Neural Network 101. Chapter 2.

We are going to be looking at a real example of property valuation.

Takes some parameters & values the property.

We have independent variables i.e 1 row of a db that defines the property.

In this example of network, we have input and output layer, we don't have hidden layer.

Our input layer
X 1 => Area in square feet
X2 => Number of bedrooms
X3 => Distance from the city
X4 => Age of this property
Output layer is the price of the property.
Input variables are weighted up by the synapses
thus calculating the output layer
price = w1 * x1 + w2 *x2 + w3 *x3 + w4*x4

Here we can use:

Any of the activation functions
logistic regression
Even without the hidden layer, we already have a representation that works for most other machine learning algorithms.
But with neural networks we have flexibility and power which is where that increase in accuracy comes from.

The Power is HIDDEN LAYER

Now let's understand how the hidden layer gives us the extra power?

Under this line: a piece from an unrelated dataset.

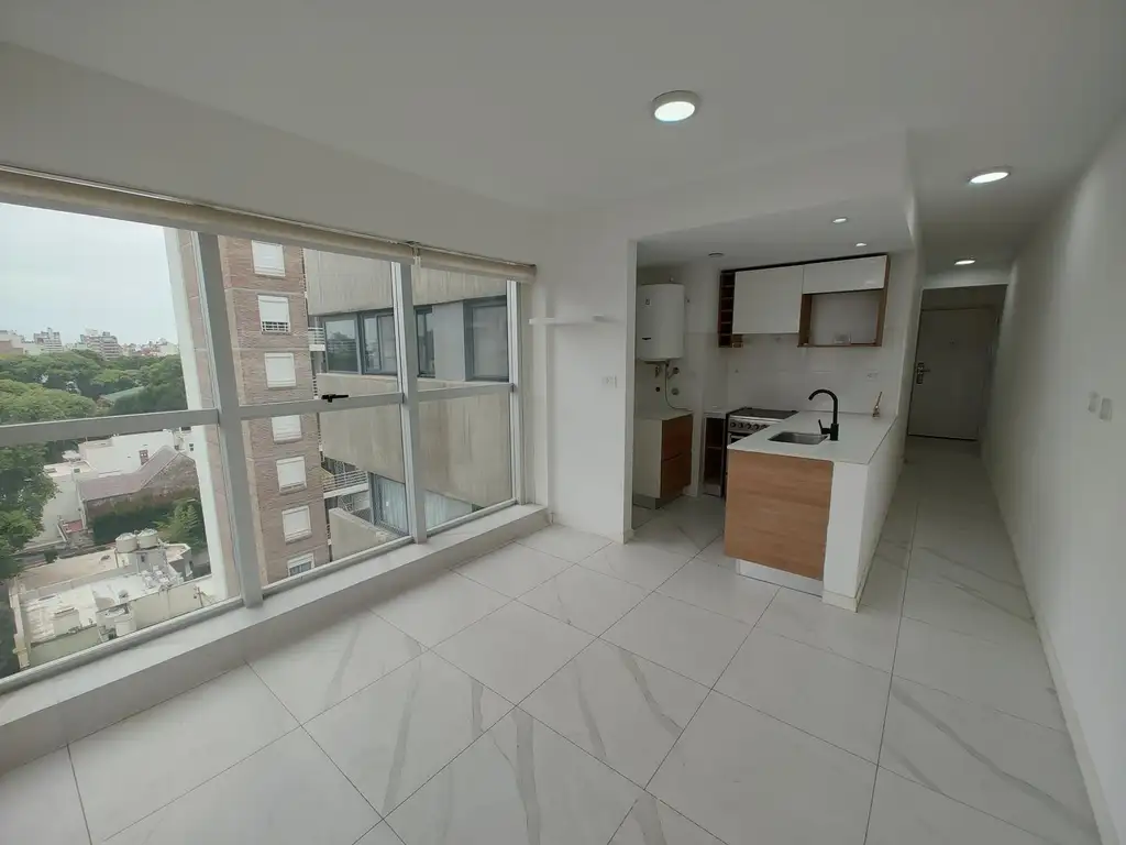 La unidad cuenta con estarcomedor con cocina integrada, un ambiente cómodo y funcional, con amplios ventanales que aportan muy buena luz natural. El espacio dispone de cortinas roller instaladas, aire acondicionado y salida directa al balcón, generando una agradable conexión interiorexterior.

All of the neurons from input layer have synapses i.e ( tiny gap between neurons ) connecting to each of the neighbouring neuron on hidden layer
These synapses have weights.
Some weights have non zero value.
Some weights will have zero value.
Not all inputs will hold equal value.
some inputs are important
some are just noises/trivial.
For example:
Area of sq. ft and distance to city are important feature for price determination.
Big real estate which are near city expensive in price
Number of bedrooms and age of the estate are not very crucial for price determination.
10 bedrooms real estate located in the farm house could be cheaper than 5 bedroom estate in city.

Another neuron in the hidden layer could be picking 3 attributes like area, number of bedroom and age.

May be the dataset has some relation like
in some cities, some bigger families are looking for bigger space with more number of bedrooms and which are also new.
Somehow there is a preferences of newer properties compared to old ones
This neuron has picked this information.
This neron combines these 3 parameters to brand new parameter that helps with the evaluation of the property.

Some other neuron could just pick the age. Why?

New properties are expensive
Properties older than 100 years old could be deemed as historic property that tells stories.
Price drops until 99 years old and then shoots up

Moreover Neural networks could pick up combinaton and permutation of the 4 features for example:

Just bedrooms and distance to city
Area, bedroom and age
Area, bedroom, distance to city and age
and so on .

These neurons, this whole hidden layer allows neural network to look for very specific things and then in combination that'w where the power come from.

It's like the example of ants, just 1 ant can't build ant hill, but in the group of hundreds and thousands they can do anything.

Each of these neuron by itself cannot predict the price but together they have superpower and they predict the price.

They can do quite an accurate job if trained/set up properly.

How do Neural Networks learn?

There are two fundamental ways to getting a program to do what you want it to do.

Hard coded form, where you actually tell the program specific rules and what outcomes you expect, and you guide it through the whole way.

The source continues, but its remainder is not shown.